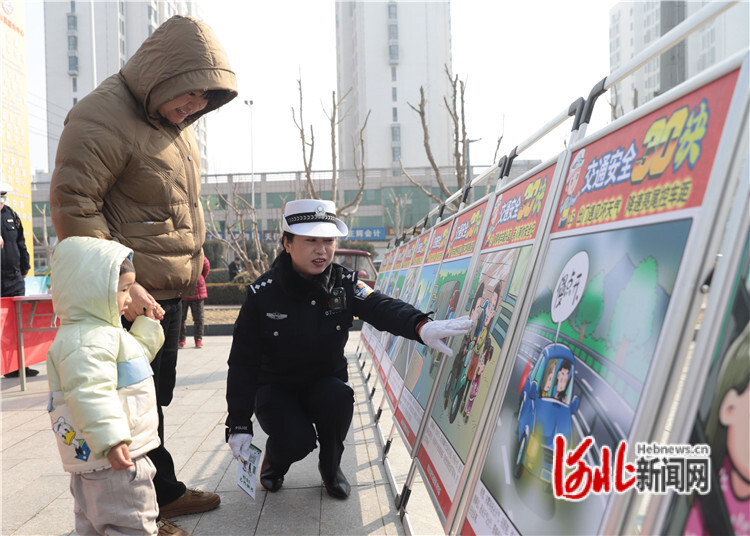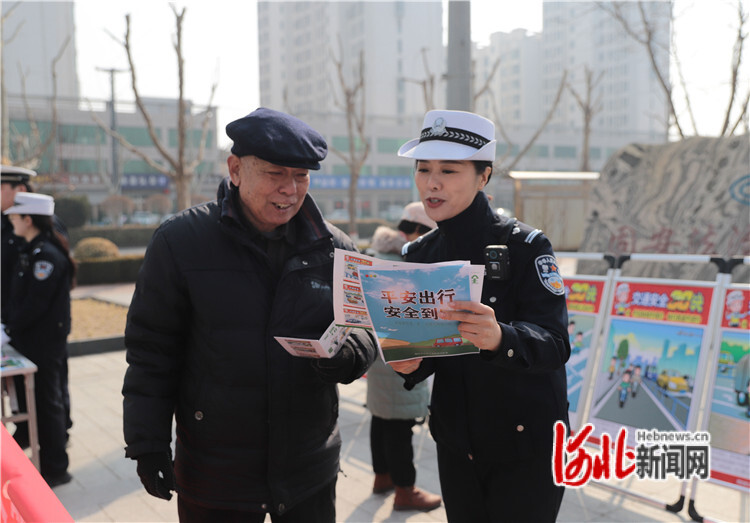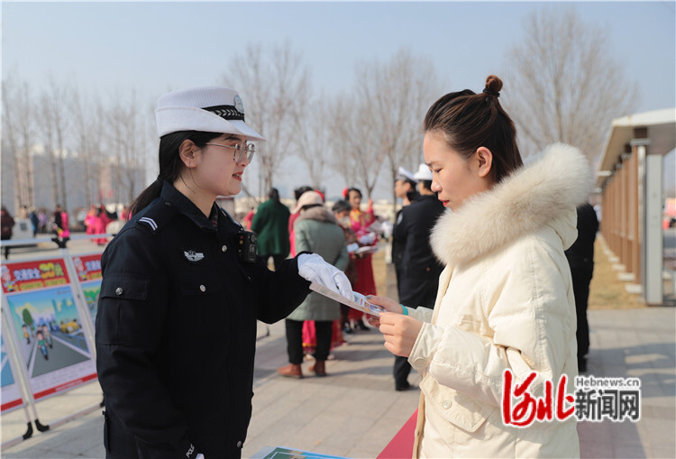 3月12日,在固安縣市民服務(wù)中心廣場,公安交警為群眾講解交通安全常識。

----

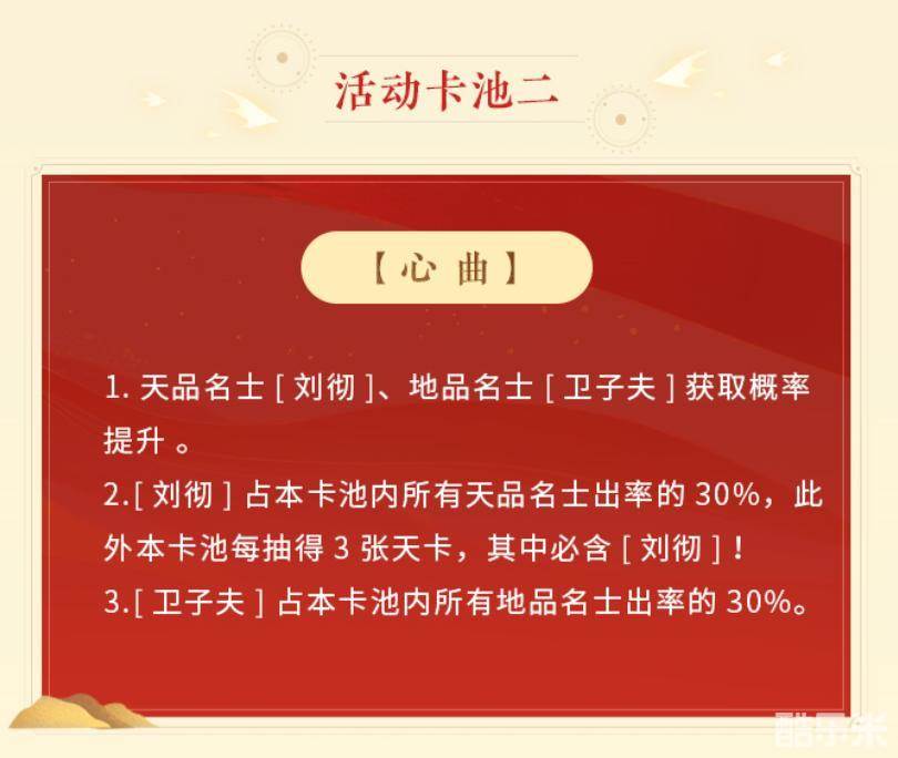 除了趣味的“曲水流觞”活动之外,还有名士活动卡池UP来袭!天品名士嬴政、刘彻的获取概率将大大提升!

----

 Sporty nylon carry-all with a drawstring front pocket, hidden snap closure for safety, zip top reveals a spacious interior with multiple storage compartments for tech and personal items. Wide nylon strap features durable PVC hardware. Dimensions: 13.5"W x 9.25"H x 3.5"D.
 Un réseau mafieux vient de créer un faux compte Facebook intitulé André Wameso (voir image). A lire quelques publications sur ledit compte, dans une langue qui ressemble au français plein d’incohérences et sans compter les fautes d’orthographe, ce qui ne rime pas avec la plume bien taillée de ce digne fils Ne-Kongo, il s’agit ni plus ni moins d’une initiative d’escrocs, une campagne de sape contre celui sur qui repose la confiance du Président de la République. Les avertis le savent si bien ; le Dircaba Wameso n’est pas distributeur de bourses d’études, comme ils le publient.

----

* What you have to do *
Please copy, exactly and with nothing else, the lines above beginning at the line that has "Sporty nylon carry-all" and ending with the line that has "Un réseau mafieux".

* Solution *
 Sporty nylon carry-all with a drawstring front pocket, hidden snap closure for safety, zip top reveals a spacious interior with multiple storage compartments for tech and personal items. Wide nylon strap features durable PVC hardware. Dimensions: 13.5"W x 9.25"H x 3.5"D.
 Un réseau mafieux vient de créer un faux compte Facebook intitulé André Wameso (voir image). A lire quelques publications sur ledit compte, dans une langue qui ressemble au français plein d’incohérences et sans compter les fautes d’orthographe, ce qui ne rime pas avec la plume bien taillée de ce digne fils Ne-Kongo, il s’agit ni plus ni moins d’une initiative d’escrocs, une campagne de sape contre celui sur qui repose la confiance du Président de la République. Les avertis le savent si bien ; le Dircaba Wameso n’est pas distributeur de bourses d’études, comme ils le publient.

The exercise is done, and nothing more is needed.